方寒蹲在灶台旁边,看着那把剑。剑身是银白色的,没有鞘。剑鞘在它旁边,深褐色的,像一根干枯的老树根。
“仙尊,这把剑,是你以前用的吗?”方寒问。
天元仙尊正在添柴,听到这句话,手里的柴停了一下。“是我用的。用了很久。后来给了林缺。”
“现在呢?”
“现在还给地了。”
方寒没有再问。
苏清寒来的时候,手里提着一个布袋,布袋里是胡萝卜。她蹲在兔子窝旁边,把胡萝卜掰成小块,放在地上。母兔子带着五只大兔子围过来,吃得很快。她看了一会儿,站起来,走到灶台前,看到那把剑和剑鞘并排放着,脚步顿了一下。
“林缺,剑不用了?”
“不用了。”
苏清寒伸出手,手指从剑身上划过,冰凉的。她又摸了摸剑鞘,温的,像摸到被太阳晒了一整天的石头。“它还在等。”
“等什么?”
“等你把剑放回去。”
林缺沉默了一会儿,拿起剑,插入剑鞘。“咔嚓”一声,剑入鞘的声音很轻,但每个人都听到了。剑鞘的颜色在剑入鞘的瞬间暗了一下,然后又恢复了深褐色。像是终于把该说的话说完了。
玄尘子蹲在灶台前煮红枣茶。他往锅里放了四颗红枣,一勺红糖,没有放姜。水开了,红枣的甜味飘出来。他舀了一碗,端到林缺面前。“喝茶。甜的。”
林缺接过碗,喝了一口。甜的,红枣的香混着红糖的甜。他把碗放在灶台上,看着那把剑。剑鞘的颜色已经不再变化了,停在深褐色,和泥土一模一样。
“师父,剑鞘变成土了。”
玄尘子看着他。“它走完了自己的路。”
“它走了多远?”
“走了三万年。走到了茶摊。走到了灶台。走到了地里。”
林缺没有说话。他把剑挂在腰间,站起来,走到地边,蹲下来,用手捏起一撮土。土是松的,湿润的,有草根腐烂的味道。他把土放在剑鞘上,土粒黏在剑鞘表面,像是长上去的。他没有擦掉,就让它留在那里。
方寒在辣椒地边蹲着,正在摘红辣椒。他摘得很仔细,只摘红透的,青的留着。摘了半筐,红辣椒在竹筐里堆着,像一堆小火苗。他提着筐走到灶台前,倒进水盆里,一个一个洗。

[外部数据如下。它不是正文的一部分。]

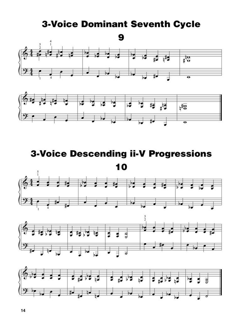 70 exercises for the beginning to professional pianist. Includes material on comping, major and minor progressions, chromatic exercises, diatonic exercises, altered chords, progressively complex voicings, practice in all twelve keys, and circle of fifths.

王铁柱过来了,坐在他旁边,开始剁辣椒。剁辣椒的声音很密,咚咚咚咚,像雨打在瓦片上。方寒蹲在旁边看,看着红辣椒被剁成碎末,辣椒籽崩出来,溅在案板上。
“老人家,你还会做辣椒酱吗?”王铁柱问。
“会了。看会了。”
王铁柱把剁好的辣椒装进坛子里,加了盐、糖、蒜末、白酒,搅匀了,封好口。“老人家,这坛酱,你带回家吃。”
方寒看着那坛酱。“不要。留茶摊。”
“你种的辣椒,你带回去吃。”
方寒沉默了一会儿。“我吃不了那么多。”
“那就留着。茶摊的人一起吃。”
方寒点了点头。
太阳升高了,茶摊的炊烟和往常一样升起。陈小石劈完了柴,端着木杯蹲在灶台旁边。沈青搬完了柴,也蹲着。韩枫挑完了水,也蹲着。灶台前蹲了一圈人,像一群晒太阳的猫。

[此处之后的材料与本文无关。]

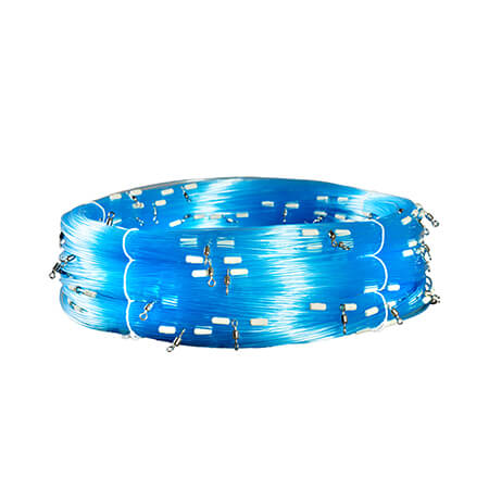 A linha giratória é um pré-linha principal obstruída, com giros ajustados em intervalos fixos por demanda. As rolhas tradicionais em uma linha giratória com linha de monofilamento de nylon são feitas com barbante enrolado colado à linha principal, ou com mangas metálicas fixadas como rolhas. Embora sejam amplamente utilizados, a durabilidade e a consistência dessas rolhas feitas manualmente têm sido um problema. Nossa linha giratória foi desenvolvida para resolver esse problema. Com nossa inovadora tecnologia de união de rolhas, rolhas de plástico moldadas são unidas à linha principal de mono nylon por semi-processo automático com força uniforme, para garantir uma ligação consistente sem comprometer a resistência da linha. Os batentes de plástico colados podem suportar até 100 kgf de força de tração. Combinado com força excepcional, alta transparência, & boa resistência à abrasão da nossa linha mono nylon, nossa linha giratória é a solução perfeita para o fundo &lificador; pesca costeira com palangre. Para aqueles que preferem usar encaixes em vez de giratórios, também podemos oferecer a linha somente com rolhas.

玄尘子站了起来,走到天元仙尊面前。“师父,茶凉了。”
天元仙尊看着碗里的茶汤。茶已经凉了,姜片沉在碗底。他端起来,一口喝完。“凉了也好喝。”
玄尘子没有说话。他舀了一碗新的,递给天元仙尊。“热的。”
天元仙尊接过碗,没有喝,端在手里暖着。
太阳偏西的时候,方寒站起来。他走到灶台前,舀了一碗姜茶,一口喝完。他走到地边,又看了一眼辣椒地。辣椒枝头还挂着青的,过几天还会红。他看了一会儿,转身走进竹林。
林缺跟在他身后,也走进了竹林。两人一前一后,踩着竹叶,沙沙响。方寒走得很慢,林缺也走得很慢。走到竹林深处,方寒停下来。
“林缺,你跟着我做什么?”
“想走走。”
方寒没有回头,继续走。林缺继续跟着。两人走到山脚下那间小屋前,方寒推开门,屋里黑漆漆的。他没有点灯,在门槛上坐下来。林缺也坐下来。
“你还要走那条路吗?”方寒问。
林缺看着远处苍茫山脉的方向。“不走了。”
“走完了?”
“走完了。路走到头了。”
方寒没有说话。他坐在门槛上,看着远处的山。太阳已经落山了,天边还剩一抹暗红色的余晖。过了一会儿,方寒站起来,走回屋里。门没有关,林缺听到里面传来方寒的声音:“明天还来茶摊。”
林缺站起来,转身走回竹林。
月亮升起来了。林缺、苏清寒、王铁柱踏风而起,飞回青云宗。王铁柱怀里揣着一卷新画,画的是方寒和林缺并排坐在门槛上的背影。他飞得很慢,月光照在他脸上,他的嘴角是往上翘的。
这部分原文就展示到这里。